原本,大家都对琼州的情形都习以为常了。不过从江南赋税里,多拨些款子给过去,再派可靠的人,去当地发动募捐,从乡绅、地主和买办的口袋里掏出钱来养兵。可初夏时节,大鹿城里,突然多出了许多流民。
大鹿府尹多方查问,竟得知琼州连着三年,一到初夏便下暴雨。到了第三年,终于发涝,多数百姓的房屋被冲垮,实在没法再在琼州待下去了。于是琼州人开始了大规模的南迁。走到鹿城,多半都奄奄一息了。
消息传入鹿椒皇宫,英帝震怒。明明琼州年年旱灾,颗粒无收,吃了国库不少银两。怎么又说已连续三年暴雨,时至今日竟到了琼州都要发涝的地步!
冠厘脚步匆匆,一进鹿鸣宫,就看到满地的奏章,砚台也被打翻在地,流了一大滩墨水。英帝满脸乌云密布,紧锁眉头,坐在书桌后。
“奴才给皇上请安。”冠厘跪拜在地。
“冠厘,你给我去趟琼州。”鹿英帝开门见山,高声说道,语气中难掩愤怒。
“奴才遵命。只是不知,皇上要奴才去琼州,所谓何事?”
冠厘自然不会不知道是什么事。朝野上大事小事,都有他的耳目每日禀报。更何况是偷窥粮饷,欺上瞒下,中饱私囊这样的大丑闻。但这样的里通外合,自然不能让皇上知道,只安安分分地做好內侍这件差事。
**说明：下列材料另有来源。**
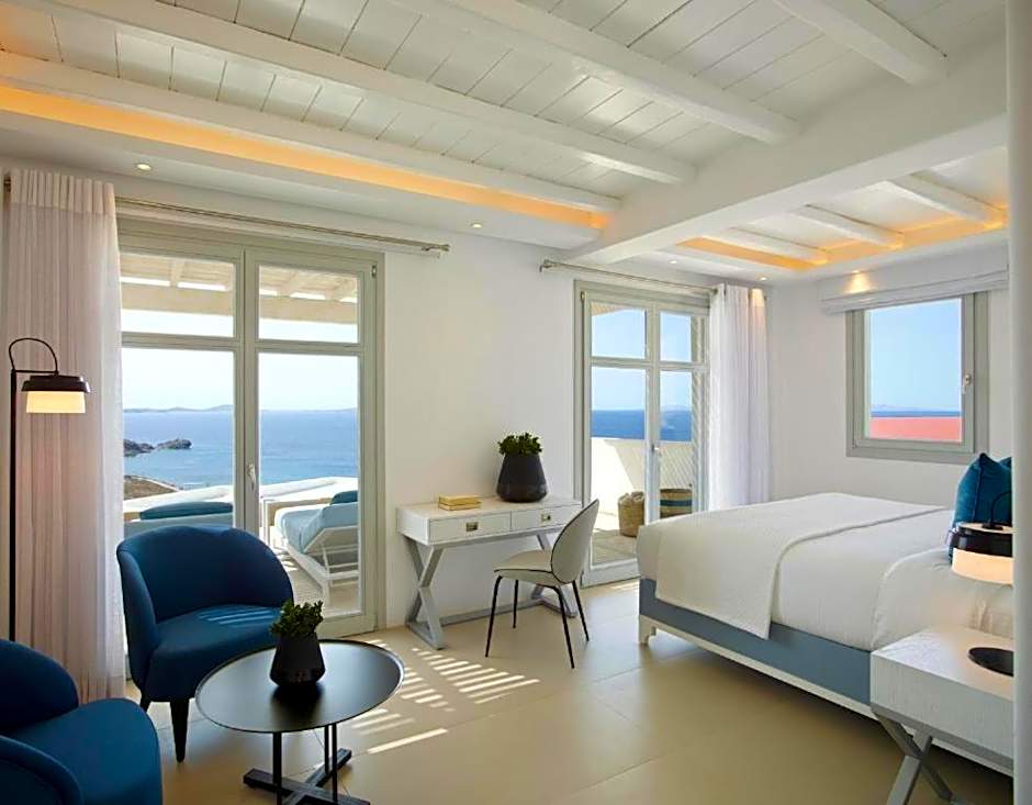 For those seeking a truly indulgent experience, the San Marco Hotel and Villas offers a range of exquisite suites with captivating views. Choose the Executive Suite with a mesmerizing sea view for a touch of luxury and relaxation during your stay. If you prefer a more unique experience, the Loft Suite, also with a sea view, provides a stylish and modern accommodation option. Whichever suite you select, you're guaranteed a comfortable and opulent retreat that perfectly complements the beauty of Mykonos.
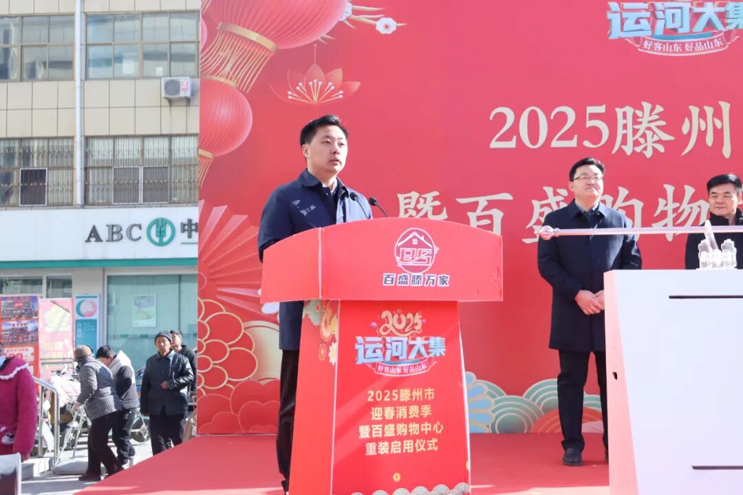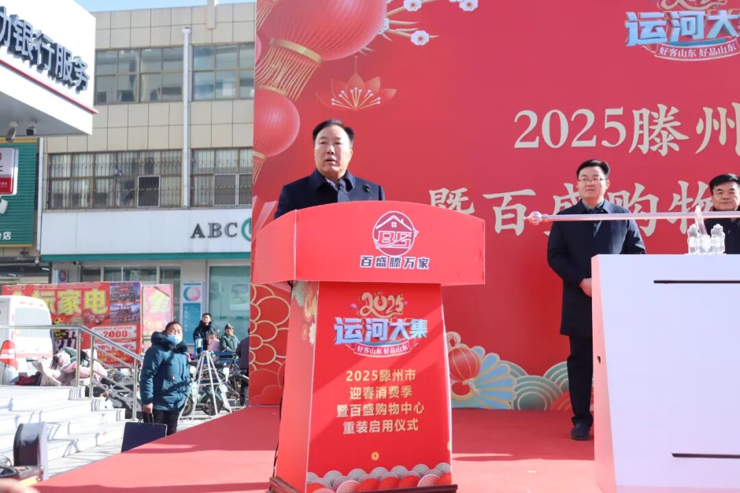 市商务和投资促进局党组书记、局长宗兆波在仪式上讲话。他指出,在刚刚过去的2024年,我们深入贯彻各级关于消费促进的决策部署,持续开展消费品以旧换新行动,培育壮大市场主体,以政策红利激发消费需求。下一步,我们将开展好2025滕州市迎春消费季,持续创新消费场景,大力发展新型消费,以多元业态激发消费活力,更好满足人民群众对美好生活的向往。衷心希望重装后的百盛购物中心借助全市迎春消费季契机,大力推出形式多样的主题活动,更好满足消费者足不出镇就可以办齐“年货”,尽享品质生活的民生需求。
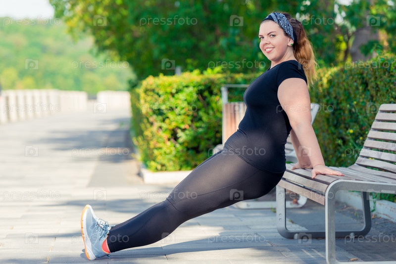 Счастливая толстая женщина выполняет упражнения в парке на скамейке
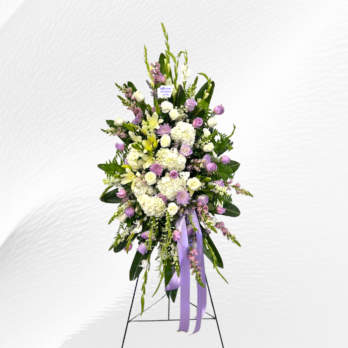 Lavender and White Mixed Standing Spray Arrangement prefect for service, to express your condolences.
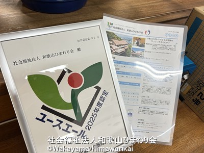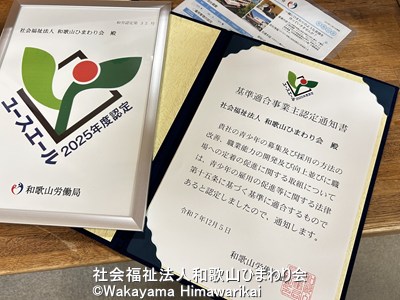 先週金曜日に和歌山労働局のご担当者様より、認定のお電話をいただき、本日認定証書と認定プレートを配送にて受領いたしました。

“琼州连年上报旱灾,全国各处收上来的赋税,贴了不少去。每年还有专门的人张罗募捐。如今灾民流窜,却说琼州自前年起,连年大雨,雨水丰饶,都已经到了今年涝灾的地步。朕要你悄悄去琼州,把那个骗取朝廷银两的混蛋揪出来!”
“奴才领旨。”冠厘拱手。
“你可还需要什么?明日便出发。”
“奴才自当鞠躬尽瘁,替皇上挖出蛀虫。只是深入琼州,毕竟到了他人的主场。皇上可否拨给奴才几个身手好的,以应对什么难处。”冠厘不紧不慢地说道。
“给你精兵五百,可够?”英帝大手一挥。
不料冠厘却摆摆手,“此事不宜大张旗鼓,奴才需得暗中查探。给奴才十个忠义之士便可。”
“骁骑营里给你十人。明日出发。”
鹿双自打那日对冠厘把话说绝之后,便不愿意再见着冠厘。尽管冠厘隔三差五地,会在晚上抽出时间来无双殿走一走,可鹿双也只是紧闭房门。只听得冠厘总在外头,听小栗子几人汇报自己的日常,再悉心地关照小栗子和绿萝一些贴身的事务,然后便走了。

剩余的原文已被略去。